Poultry company continues assault on free expression in Thailand
(Bangkok, August 5, 2019) – Thai authorities should immediately drop defamation complaints brought by poultry company Thammakaset Company Limited against Ngamsuk Ruttanasatian, a woman human rights defender and lecturer at Mahidol University’s Institute of Human Rights and Peace Studies (IHRP), Fortify Rights said today.
Today, Bangkok Criminal Court is scheduled to hold a second preliminary hearing to consider whether there is merit to pursue a criminal case against Ngamsuk in relation to a Facebook post about Thammakaset’s criminal defamation charges against other human rights defenders in Thailand.
“These cases are an assault on freedom of expression in Thailand. It’s regrettable that Thai authorities continue to allow a business to use the courts to target human rights defenders with spurious lawsuits,” said Amy Smith, Executive Director of Fortify Rights. “These cases are intended to instill fear, drain money and time, and cause unnecessary emotional harm.”

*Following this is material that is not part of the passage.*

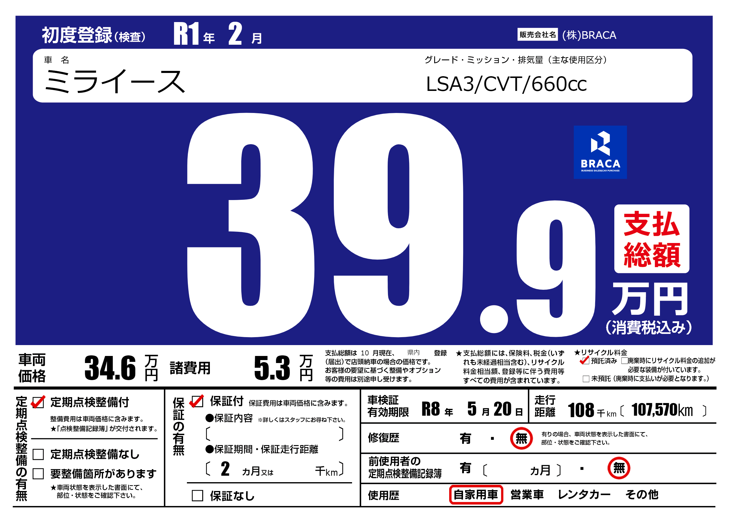 | 定期点検整備 | 定期点検整備あり | ||

Ngamsuk is accused of defaming Thammakaset by sharing a Fortify Rights news release on IHRP’s Facebook page on March 12, 2019. The news release relates to another criminal defamation lawsuit filed by Thammakaset against human rights defenders Nan Win and Sutharee Wannasiri, who continue to face similar charges for promoting labor rights and free speech in Thailand. The news release includes a link to a video published by Fortify Rights about earlier criminal defamation charges brought by Thammakaset against 14 migrant workers. Thammakaset claims the video includes defamatory information.
In 2016, 14 former Thammakaset employees reported allegations of labor rights abuses by the company to the Thai labor department and the National Human Rights Commission of Thailand (NHRC-T). In response to the complaint to the the NHRC-T, Thammakaset filed criminal defamation charges against the 14 former employees. In July 2018, the Don Mueang Sub-District Court dismissed the criminal defamation complaint, and in January 2019, the Supreme Court of Thailand ordered Thammakaset to pay 1.7 million Thai Baht (US$52,925) in compensation to the 14 former employees for violations of Thailand’s Labor Protection Act.
Thammakaset filed a complaint against Ngamsuk under Article 326 and 328 of the Thailand Criminal Code, which carries a sentence of up to two years in prison and up to 200,000 Thai Baht (US$6,500) in fines.
According to the preliminary hearing procedure, the Thammakaset’s legal team will present evidence and testify for the court to consider if there are reasonable grounds to pursue a criminal trial. On July 1, the Thammakaset’s legal team and Ngamsuk’s legal team examined and cross-examined Thammakaset representative Mr. Chanchai Permphol, respectively. Today, the cross-examination is scheduled to continue, followed by a re-examination before the court decides whether to pursue defamation charges.
At the beginning of the first preliminary hearing on July 1, the Community Resource Centre Foundation (CRC)—the legal team representing Ngamsuk—encouraged the court to consider Articles 161/1 of the Criminal Procedure Code, which were incorporated into Thai law in December 2018 in order to prevent such lawsuits, known as SLAPP suits or Strategic Litigation Against Public Participation. The court has not yet considered these articles in the current proceeding against Ngamsuk.
“Thai authorities are aware of SLAPP lawsuits and amended the law accordingly to prevent these very cases,” said Amy Smith. “We expect the court to observe the law and dismiss this case completely.”
Since 2016, Thammakaset has lodged at least 17 criminal and civil complaints against workers, activists, journalists, and academics. On July 18, the Lopburi Provincial Court decided to proceed with a similar case brought by Thammakaset against a TV reporter. On July 30, the Lopburi Provincial Court dismissed the appeal lodged by Thammakaset, which alleged the workers stole their time cards.
Thailand should act to ensure all persons can freely exercise their rights without fear of reprisals, including harassment through spurious legal complaints or SLAPP lawsuits. The complaints brought by Thammakaset appear to be designed to intimidate human rights defenders and constitute an unnecessary and disproportionate interference in the rights to freedom of expression and access to information. Thailand is a party of the International Covenant on Civil and Political Rights, in which Article 19 protects the right to freedom of expression.
“Human rights defenders like Ngamsuk work to improve society and protect the basic rights of everyone, but now she’s facing a violation of her own rights,” said Amy Smith. “Thai authorities should protect human rights defenders and end judicial harassment to strengthen Thai society.”